Mobile HD products include USB Type-C port controller ICs, DP-centric display interface conversion ICs, MIPI-based VR image signal transmission and conversion ICs, and Re-Timer signal conditioner chip.
Analogix’s VR customers include Microsoft, Huawei, Oculus, Magic Leap, HTC and so on, which gives them more than 60% of the VR market.
With the rapid popularity of USB-C ports, sales of Silicon Valley's digital USB-C port controller chips are also climbing. But the primary source of revenue is TCON, which accepts the graphics processor (GPU) output signal and translates it to the display panel (LCD) to drive it to display the content. In recent years, Analogix TCON accounts for about 50% to 60% of revenue, and its gross margin is stable at about 45%.
As GPUs and CPUs move toward higher processes and performance, laptops need higher potential and LVDS (Low Voltage Voltage Signaling) display panel transport interface will be replaced by a smaller cost, power consumption and size eDP TCON interface, resulting in another wave of growth.
According to Huatron Securities research report, eDP has a higher transmission rate, compared to LVDS, the chip's foot can be reduced, while eDP will further disrupt the transmission data, difficult to create EMI and RFI interference, so the system can save EMI / RFI shielding needs. In addition, because eDP is transmitted in a packetized manner similar to traffic transfer, it can add features that were not previously possible. Finally, eDP's high-speed transmission rate also helps to transfer more data to a single pixel, which means higher resolution and faster refresh rates. If you continue to use LVDS, the result will be high power consumption that cannot be received, with more feet and cables.

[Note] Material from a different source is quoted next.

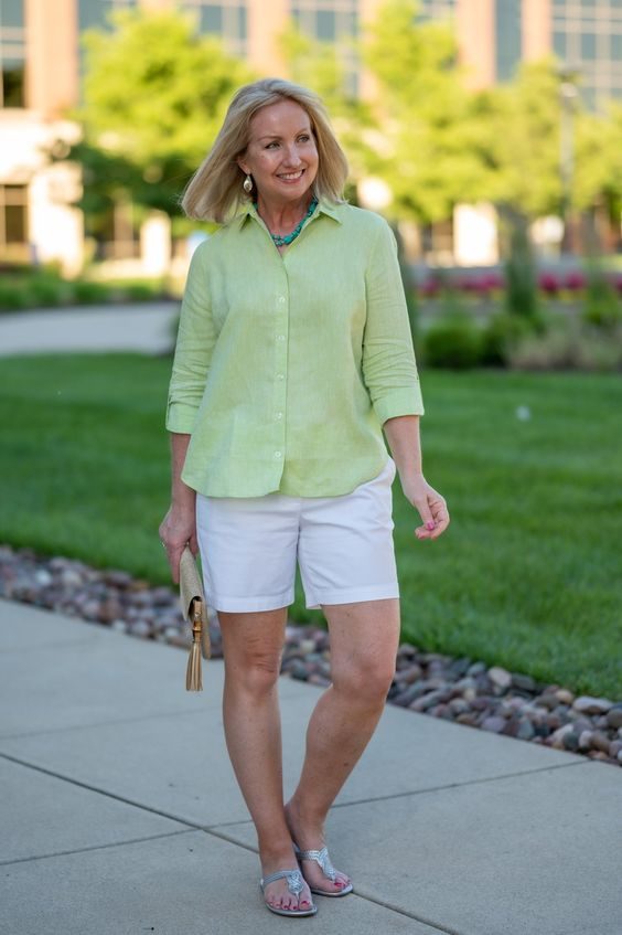 Lime green adds an energizing burst to this warm-weather look. A lime button-up shirt paired with crisp white shorts brings vibrancy and youthfulness, while comfy sandals keep the look grounded. This ensemble is perfect for festive gatherings, vacation adventures, or poolside celebrations.
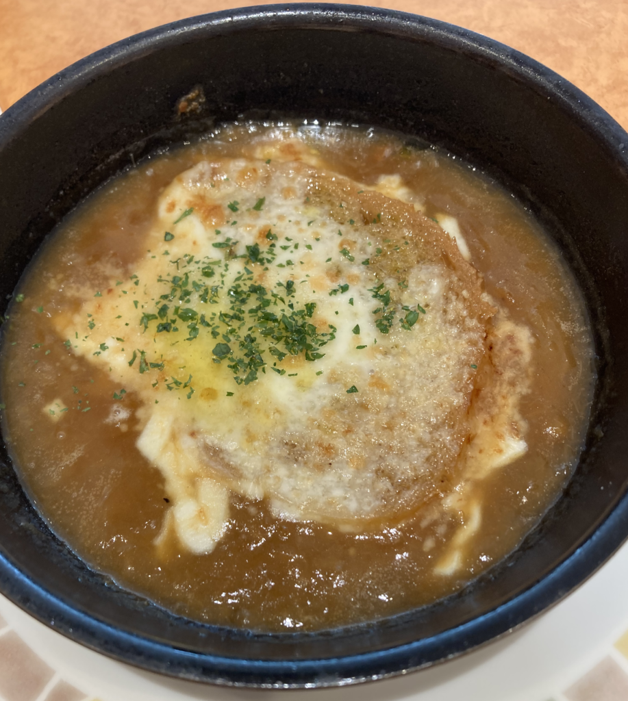 たまねぎをじっくり煮込んだスープで、玉ねぎの甘みとコクが前に出てくるスープ。

For customers who want differentiated products, Analogix offers a variety of mixed-signal process IC and IP to meet the needs. Analogix's IP licensing business focuses primarily on DisplayPort technology licensing for smartphone or tablet processor manufacturers, foundry, and integrators or designers.
It is understood that the technology IP licensing revenue has steadily increased and gross margin of more than 90%, its revenue share has exceeded 10%.